BOSTON (CBS) -- A group of 11 law and labor arbitration professors have filed the fifth amicus brief supporting Tom Brady in his case against Roger Goodell and the National Football League.
The group, which includes Richard Freeman, Co-Director of the Labor and Worklife Program at Harvard, and professors at schools ranging from Cornell to UCLA, argues that Goodell "improperly exercised his authority as an arbitrator" in upholding Brady's four-game suspension for his alleged role in DeflateGate. Their brief, like others filed this week, presents Brady and Goodell's case as one with far-reaching, negative implications for future labor disputes.
The brief, filed on May 31, cited a series of three Supreme Court decisions known as the "Steelworkers Trilogy," which ruled that arbitrator awards are "legitimate only so long as it draws its essence from the collective bargaining agreement." The ultimate purpose of these rulings was that an arbitrator, which Goodell appointed himself to be in the case of DeflateGate, should not "dispense his own brand of industrial justice."
The professors argue that Goodell overstepped his authority when he upheld Brady's suspension based on new evidence and charges that were not part of the original appeal.

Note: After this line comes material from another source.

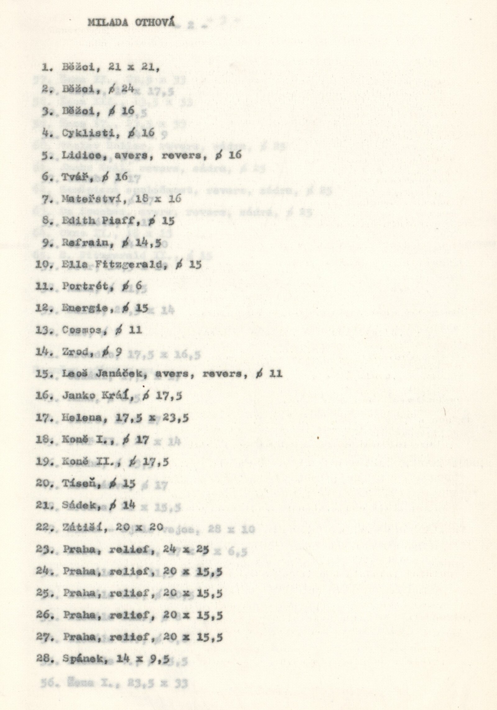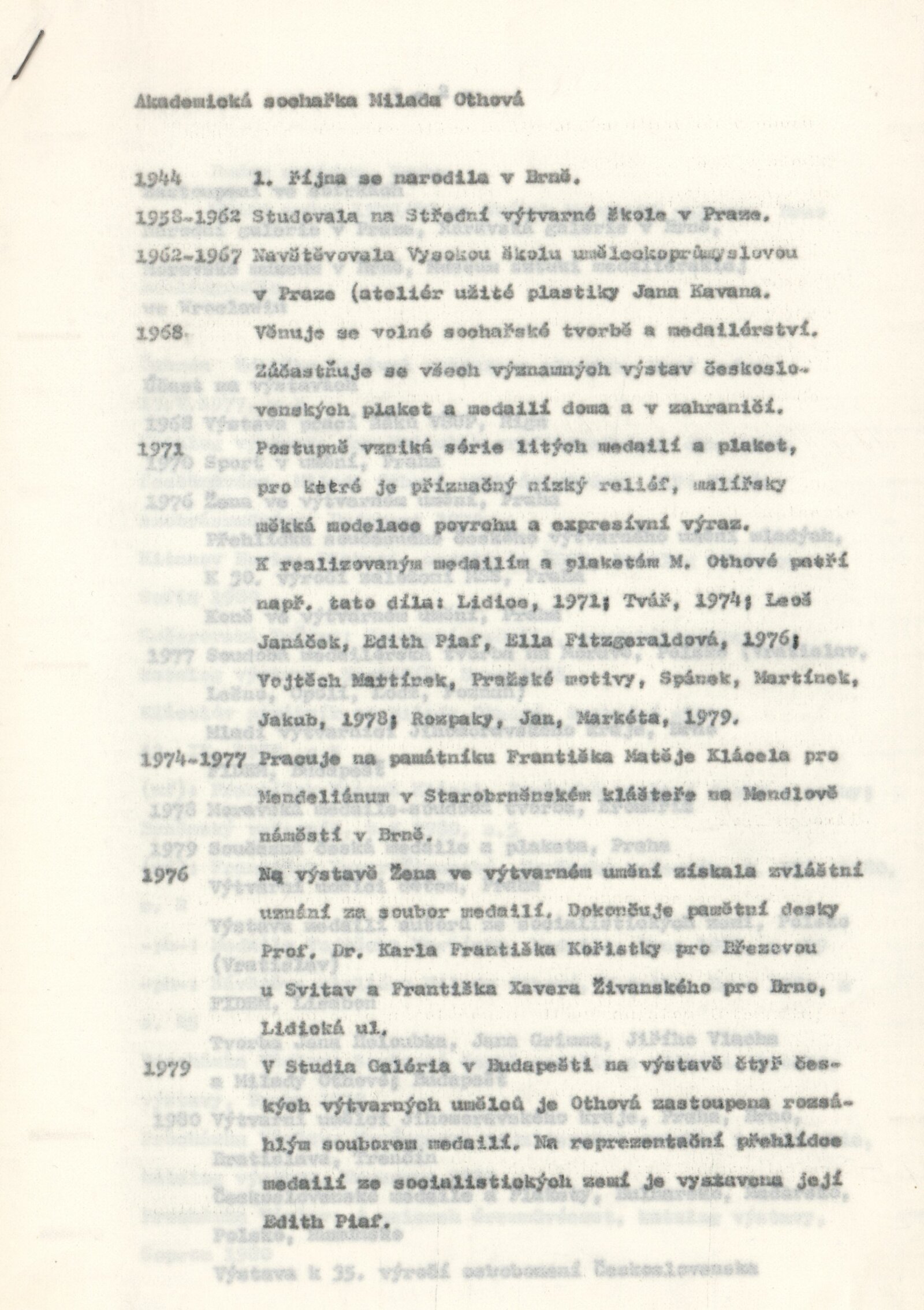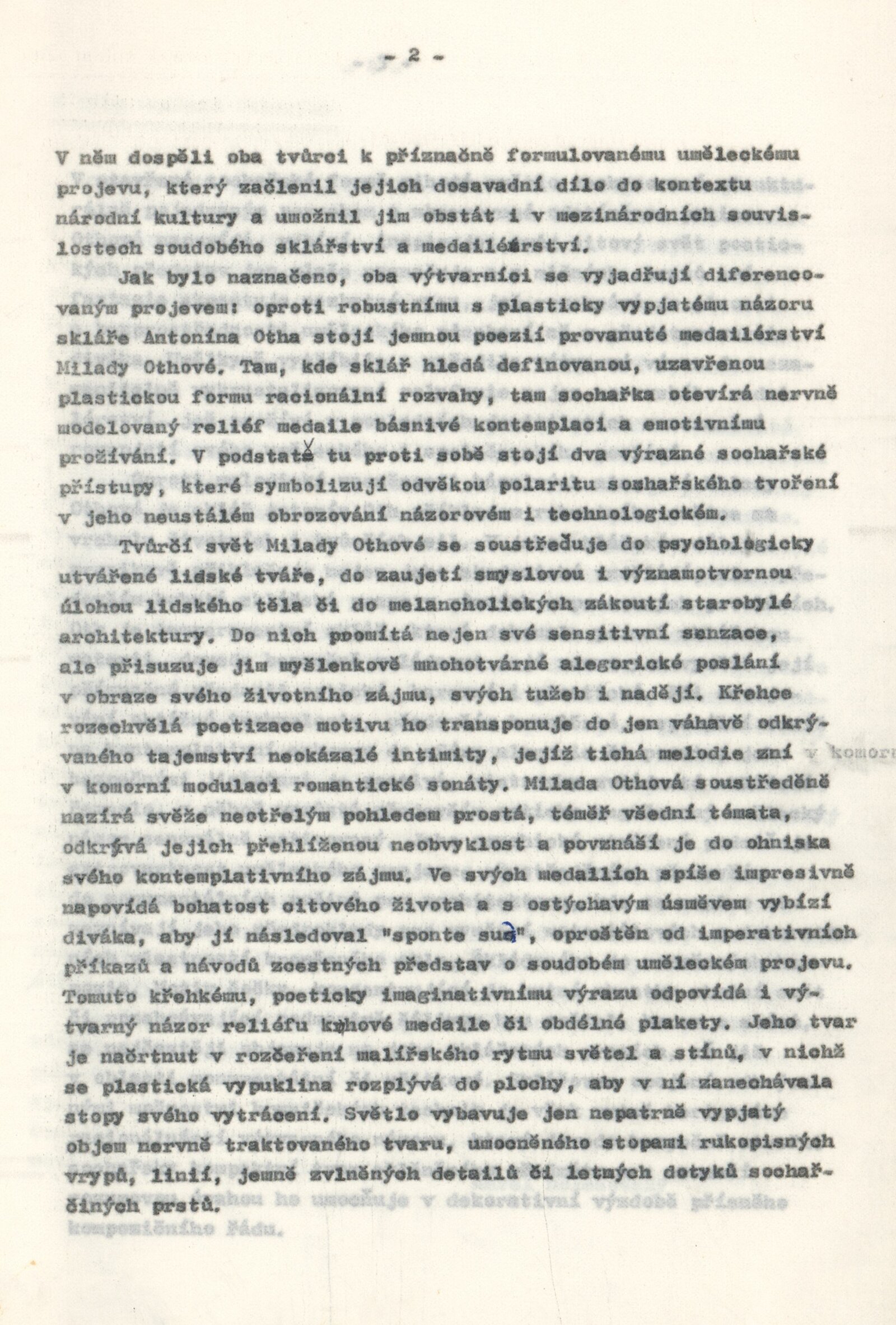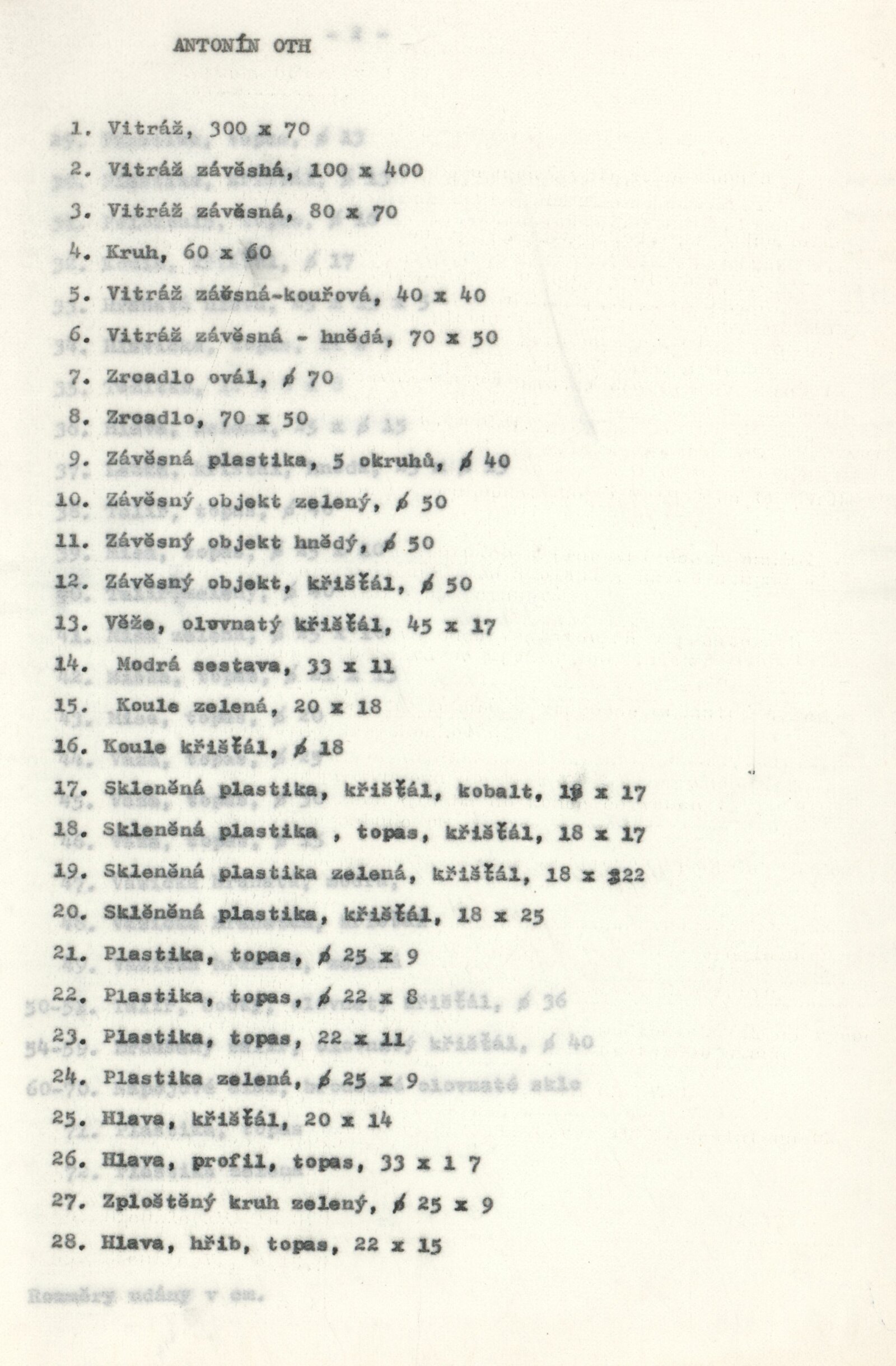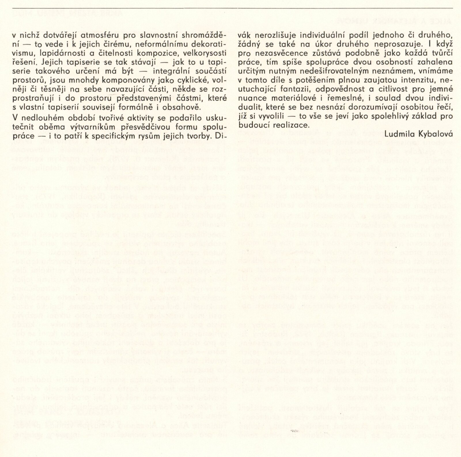 pozvánka, katalog, strojopis, počet vystavených děl, pojistný seznam, provozní korespondence, dopis z Hannoveru – Textilkunst, text Ludmily Kybalové (NJ), žádosti o zapůjčení, potvrzení převzetí vystavených děl, žádost o výstavu manželů Othových a Ulmových, text Evy Dobšíkové o Miladě a Antonínovi Othových, recenze v tisku

The filing also derided Goodell's comparison of deflated footballs to use of performance-enhancing drugs. The problem with this comparison is that the penalties for PEDs were clearly outlined in the CBA, while no such details were outlined for football deflation.
In concluding that the decision to reverse Judge Richard Berman's ruling and uphold Brady's suspension "empowers arbitrators to ignore the parties' arguments and CBA-imposed limitations on their power, and denies recourse to parties that have suffered even the most egregious violations of industrial due process," the brief calls for a rehearing to "correct the panel's errors," referring to the group of judges who upheld the NFL's penalties.